Toutefois, cette idée marque l’esprit des Lumières, puisque Guyton de Morveau nomme, lui
aussi, Plutarque et sa référence à Lycurgue en rappelant que « le sage Lycurgue ne voulut pas
qu’il y eût aucune de ses lois par écrit […] car […] il estimait que cela devait être empreint par la nourriture des cœurs et des mœurs des hommes pour y demeurer à jamais
immuable »115. Le Dijonnais insiste sur la nécessité législative et donc politique de créer des
lois qui traitent du problème éducatif de la société de son temps. Il s’agit alors d’exercer une influence suffisamment puissante et forte sur le pouvoir royal pour l’inciter à considérer la
question éducative comme relevant des sujets prioritaires à traiter par les Parlements.

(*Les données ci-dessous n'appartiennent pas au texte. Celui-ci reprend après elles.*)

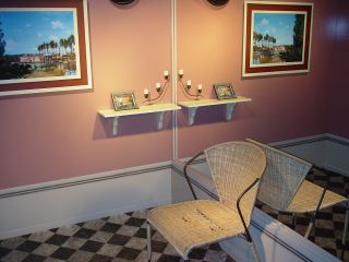 左側も平面の絵です。ただ手の位置を合わせて写真を撮るとこうなります。右側は鏡に写った部屋のようですが、左右対称の部屋が二つ並んでいるだけなので、鏡に写る(はずの)自分の姿が見えないので、ビックリすることでしょう。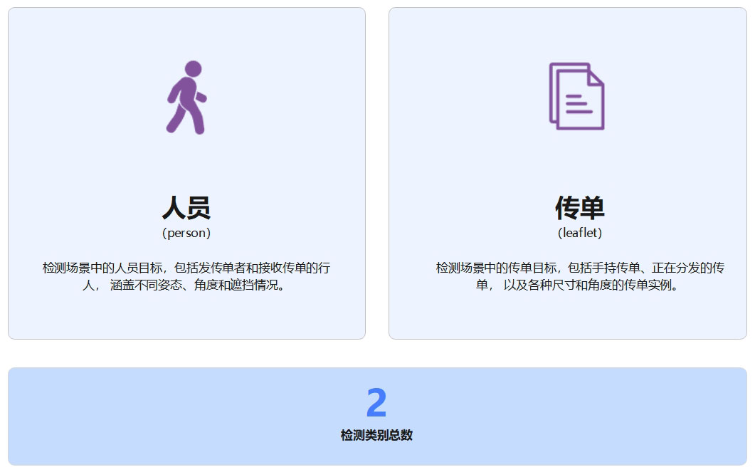 本数据集是一个专门针对公共区域发传单行为的目标检测数据集,包含 3,443 张真实场景图像和 6,886 个精确标注框。 数据集采用 YOLO 格式标注,涵盖 person(人员)和 leaflet(传单)两个核心类别, 旨在支持公共空间中人员与传单交互行为的智能识别与分析。

C’est précisément dans les années 1740 qu’apparaissent de multiples références à Sparte et à
Athènes au sein des discours pédagogiques, historiques ou politiques, ce qui pourrait être interprété comme une aspiration plus égalitaire et plus républicaine du concept éducatif. Néanmoins ne nous laissons pas leurrer ! Bien que le modèle spartiate soit présenté comme une référence pédagogique à imiter, seules les dimensions éthique et morale sont retenues pour et par le XVIIIe siècle. La Sparte lycurguéenne permet de développer l’idée d’une éducation à caractère public, mais sans conduire l’élite pensante jusqu’au bout du
raisonnement pédagogique ainsi ébauché.
Dans l’ensemble de cet héritage, on l’a vu, la référence à la Grèce, à Rome et à la latinité occupe une place fondamentale. En même temps, à travers cette référence, c’est une conception du temps et de l’histoire implicitement imposée à l’esprit des collégiens et accueillant difficilement l’idée de progrès, mais qui deviendra une idée force du XVIIIe siècle, car elle est davantage tournée vers le passé, modèle de perfection. Dans cette forme de
pensée, la rhétorique constitue, elle aussi, un legs essentiel de l’Antiquité sur lequel prennent
appui maintes modalités éducatives du siècle des Lumières.